Manzanillo, 233 años de mar, música y memoria

Foto: Lilian Salvat
Foto: Lilian Salvat

Manzanillo se extiende como un poema frente al Golfo de Guacanayabo, donde el mar no solo baña sus costas, sino que le susurra su historia. A 233 años de fundada, la ciudad no se detiene, respira, canta, se transforma.

No despierta, se despereza como una abuela que aún recuerda sus danzones; el sol le acaricia las arrugas con ternura, y el mar, como espejo cómplice, le devuelve la imagen de una ciudad que no oculta sus años, sino que los canta.
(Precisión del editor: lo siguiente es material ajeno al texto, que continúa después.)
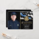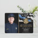 This design features a police force flag with black and white stripes, and a thin blue line stripe as well. The police badge and gold text sits above all of the party details for the retiring law enforcement officer, sheriff, captain, or chief. Customize further with a photo of the new retiree.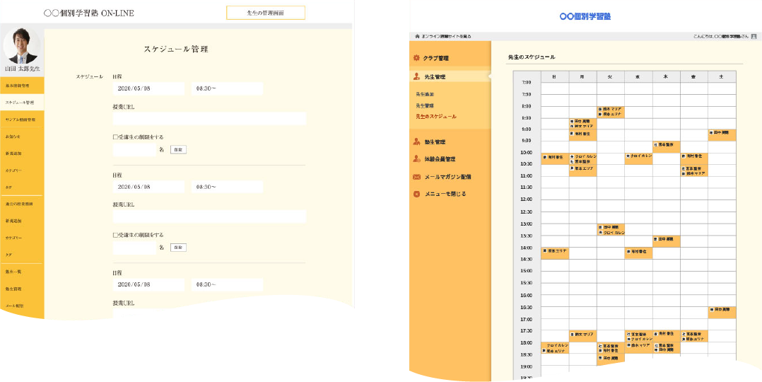 講師紹介ページ&スケジュール管理など、

En el centro, la Glorieta morisca, joya arquitectónica de estilo ecléctico que se alza con elegancia desde 1924,  como corazón de piedra que aún late. Sus arcos polilobulados no son ornamento, son suspiros detenidos; bajo su sombra, los trovadores improvisan, los niños juegan a ser poetas, y los ancianos cuentan historias que no caben en los libros.
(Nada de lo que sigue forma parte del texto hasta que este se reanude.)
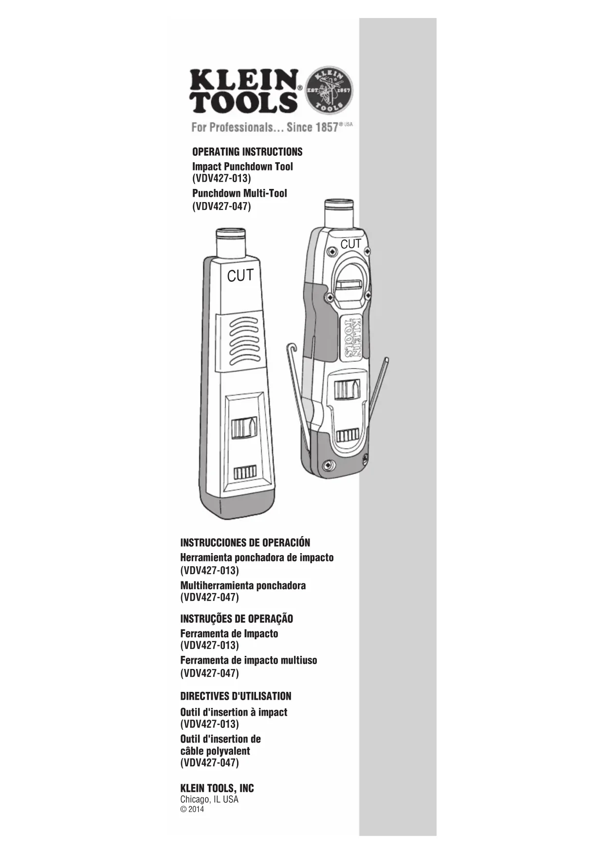 le connecteur autodénudant. Une utilisation appropriée de l'outil d'insertion devrait garantir que cette étape est exécutée correctement, mais il est toujours préférable de vérifier et defaire un essai.Réglage force d'impact66 - Panneau/Bloc/Borne110 - Panneaux interconnectés/Blocs d'interconnexion/Prises trapézoïdalesFaibleConducteurs de calibre 24 à 26TousFortConnecteurs de calibre 23 et plus grosNE PAS UTILISEROutils d'insertion et accessoiresOutil / Lame / (Acc.) Lame / Acc. No cat.Outil avec lame no cat.Châssis de l'outil d'insertion à impactS/O VDV427-013 et VDV427-047Lame 110 - Terminaison et coupe sur blocs 110VDV427-015VDV427-805Lame 66 - Terminaison et coupe sur blocs 66VDV427-016S/OLame combinée 66/110 pour coupe 66/110VDV427-017 VDV427-800 et VDV427-806Lame combinée 66/110 pour coupe 66/110 avec trousse WorkEndsTM VDV427-017 et VDV770-050 † VDV427-807DURABLADETMVDV427-104S/OTrousse WorkEndsTM: L'ensemble comprend l'adaptateur et 4embouts de tournevis (cruci-forme n°1 et n°2; plat3/16po et 1/4po).VDV770-050 † S/OINSTRUCCIONES DE OPERACIÓNHerramienta ponchadora de impacto (VDV427-013)Multiherramienta ponchadora (VDV427-047)INSTRUÇÕES DE OPERAÇÃOFerramenta de Impacto(VDV427-013)Ferramenta de impacto multiuso(VDV427-047)DIRECTIVES D'UTILISATIONOutil d'insertion à impact (VDV427-013)Outil d'insertion de câble polyvalent (VDV427-047) Dwg Name: 139425T Dwg No: 139425T ECO No: 017346 Pkg Dwg Ref: 1806 Rev: B Color Reference: N/A KLEIN TOOLS, INCChicago, IL USA© 2014 139425T.indd 1-5 7/17/14 2:00 PMOPERATING INSTRUCTIONSImpact Punchdown Tool (VDV427-013)Punchdown Multi-Tool (VDV427-047) CUT 110 TYPE PUNCHDOWN INSTRUCTIONS 1. Insert the 110 terminating blade into the punchdown tool.2. Choose the correct end of the blade depending whether or not the wire is to be cut off. (Figures 10 & 11 show use of the cutting end).3. Select the proper force setting – LO for all 110 type connections.4. Lay the wires in the wire slots (see below).5. Slide the blade into the wire slot and verify the orientation of the punchdown blade before moving to step 6 (Figure 10). (This is to avoid cutting wire unintentionally during the punchdown operation; refer to step 2.)6. Push down on the cushion-grip end of the punchdown tool with the palm of your hand until it clicks (Figure 11).7. Slide the blade out of the wire slot and make sure the wire is properly seated in the bottom of the wire slot between the insulation displacement connector’s (IDC) blades.8. Verify that the punchdown tool has seated the wire completely and correctly in the IDC. Proper use of the punchdown tool should ensure this is done correctly, but it is always a good idea to verify and test.Impact (force) Setting66 Panel/Block/Terminal110 Cross-connect Panels/Blocks/Keystones Jacks LOW 24-26 gauge conductors All 23 and larger gauge connectorsDO NOT USE

El malecón manzanillero es una arteria de sal por donde camina la memoria, las esculturas son oraciones sin templo, los murales, evangelios populares, y la estatua de Benny Moré canta sin voz, pero con eco; allí, cada ola que rompe parece decir: “todavía hay música”.

Su arquitectura, mezcla lo neocolonial con lo popular, casas señoriales, balcones de hierro forjado, patios interiores y calles que conservan nombres con historia; la Casa de Cultura, el Museo Municipal, cada espacio guarda memorias que se transmiten como herencia viva.
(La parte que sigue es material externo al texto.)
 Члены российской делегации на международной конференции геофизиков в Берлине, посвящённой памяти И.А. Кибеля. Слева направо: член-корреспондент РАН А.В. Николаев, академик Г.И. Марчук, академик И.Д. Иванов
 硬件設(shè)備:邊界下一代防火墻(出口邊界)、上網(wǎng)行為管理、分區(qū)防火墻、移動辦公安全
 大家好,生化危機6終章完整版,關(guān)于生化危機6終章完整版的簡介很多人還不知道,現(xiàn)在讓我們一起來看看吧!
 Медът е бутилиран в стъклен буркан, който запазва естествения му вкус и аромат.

La cultura popular se respira en cada esquina, con sus refranes y ocurrencias que se comparte en voz alta, entre risas y café; el Ron Pinilla servido con discreción y complicidad, acompaña tertulias espontáneas donde se mezclan política, poesía y picardía, en tanto, aunque un poco ausente en su recinto habitual, la liseta frita  sigue siendo sabor de identidad de una urbe que pesca la luna en el mar.

Los carnavales, aunque transformados por el tiempo, conservan su espíritu en la Avenida Primero de Mayo  y el malecón, se improvisan sogones, se baila con el Órgano oriental y se recuerda que la fiesta también es resistencia. Las comparsas, las carrozas, los disfraces y los fuegos artificiales son memoria colectiva.

La Orquesta Original de Manzanillo, fundada en 1963, es insigne de la ciudad, sus sones acompañan aniversarios, actos públicos, serenatas y celebraciones; la voz que no envejece, el ADN sonoro de una ciudad que se reconoce en sus notas.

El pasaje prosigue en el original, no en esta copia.